Fig. 3.. CSF AVP concentration is positively associated with social grooming in the monkey discovery cohort and is a stable, trait-like measure in an additional monkey cohort.

(A) The relationship between CSF AVP concentration and percentage of time spent in social grooming was tested with a general linear model F test (n = 30). The resulting regression line is plotted, corrected for the other variables in the analysis. Low-social monkeys are depicted in blue circles, and high-social monkeys are depicted in orange circles. (B) Within-individual consistency of CSF AVP concentrations across the four measurement time points was evaluated with intraclass correlation coefficients calculated from a mixed model. Least-squares means ± SEM CSF AVP concentrations are presented for each monkey (labeled M01 to M10; n = 10) and ordered on the x axis by ascending average CSF AVP concentration.

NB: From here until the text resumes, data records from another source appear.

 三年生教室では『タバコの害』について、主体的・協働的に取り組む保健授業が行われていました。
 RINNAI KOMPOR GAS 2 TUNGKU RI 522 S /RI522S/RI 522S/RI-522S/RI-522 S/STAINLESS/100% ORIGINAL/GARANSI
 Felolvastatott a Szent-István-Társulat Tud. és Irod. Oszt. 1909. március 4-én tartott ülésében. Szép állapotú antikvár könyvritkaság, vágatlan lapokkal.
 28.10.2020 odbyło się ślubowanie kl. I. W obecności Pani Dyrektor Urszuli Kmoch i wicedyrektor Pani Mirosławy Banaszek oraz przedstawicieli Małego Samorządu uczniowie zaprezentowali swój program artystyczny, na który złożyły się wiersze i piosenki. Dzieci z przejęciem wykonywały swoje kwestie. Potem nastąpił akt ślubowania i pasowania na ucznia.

Fig. 4.. CSF AVP concentration distinguishes low- and high-social monkeys and differs between social groups in the monkey replication cohort.

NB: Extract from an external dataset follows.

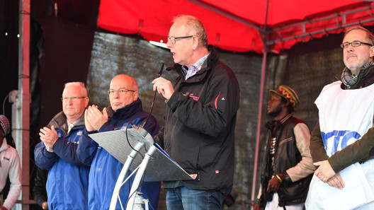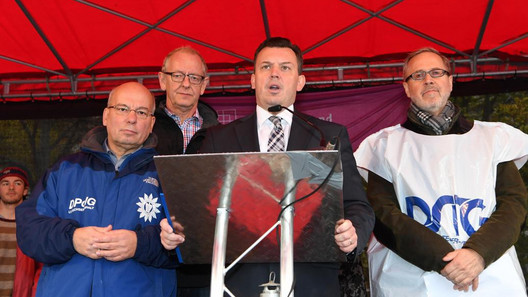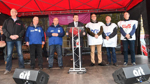 Lautstarke Unterstützung mit Trillerpfeifen und Rasseln erhielt der Bundesvorsitzende der Deutschen Steuer-Gewerkschaft, Thomas Eigenthaler, besonders von seinen Kolleginnen und Kollegen aus der Finanzverwaltung. Eigenthaler, der auch stellvertretender Bundesvorsitzender des Deutschen Beamtenbundes ist, warf der Landesregierung vor, mit ihrer verfehlten Besoldungspolitik die Zeichen der Zeit nicht zu erkennen. Die Bevölkerung wolle einen starken Staat mit einer gut aufgestellten Verwaltung sowie ein hohes Maß an innerer Sicherheit und beste Bildungsmöglichkeiten für die Jugend. Eigenthaler wörtlich: „Die verbissene Sparpolitik des Landes führt zu willkürlichen Sonderopfern vor allem in der Beamtenschaft. Dies ist ein Motivationskiller erster Ordnung und provoziert die Abwanderung des Nachwuchses in benachbarte Bundesländer.“

(A) The logistic regression model correctly classified 28 of 30 monkeys (93%) and was evaluated for significance using LR χ². CSF AVP concentration is plotted against the probability of being low-social; the resulting regression line is corrected for the other variables in the analysis. Low-social monkeys (blue circles) plotted above, and high-social monkeys (orange circles) plotted beneath, the dashed line (which represents 50% probability) are correctly classified. (B) A general linear model F test was used to test whether CSF AVP concentration was lower in low-social (blue bars) compared to high-social (orange bars) monkey groups in this replication cohort. Data are presented as least-squares means ± SEM.

Fig. 5.. CSF AVP concentration distinguishes ASD cases from medical controls.

(A) The logistic regression model correctly classified 13 of 14 children (93%) in a small patient cohort comprising seven children with ASD and seven medical control children without ASD (but with other medical conditions) and was evaluated for significance using LR χ². CSF AVP concentration is plotted against the probability of being diagnosed with ASD; the resulting regression line is corrected for the other variables in the analysis. Children with ASD (blue circles) plotted above, and medical control children (orange circles) plotted beneath, the dashed line (which represents 50% probability) are correctly classified. (B) A general linear model F test was used to test whether children with and without ASD differed in CSF AVP concentrations. Similar to low-social monkeys studied in our preclinical model (that is, as shown in Figs. 2A and 4B), CSF AVP concentration was found to be lower in children with ASD (blue bars) compared to medical control children without ASD (orange bars). Data are presented as least-squares means ± SEM.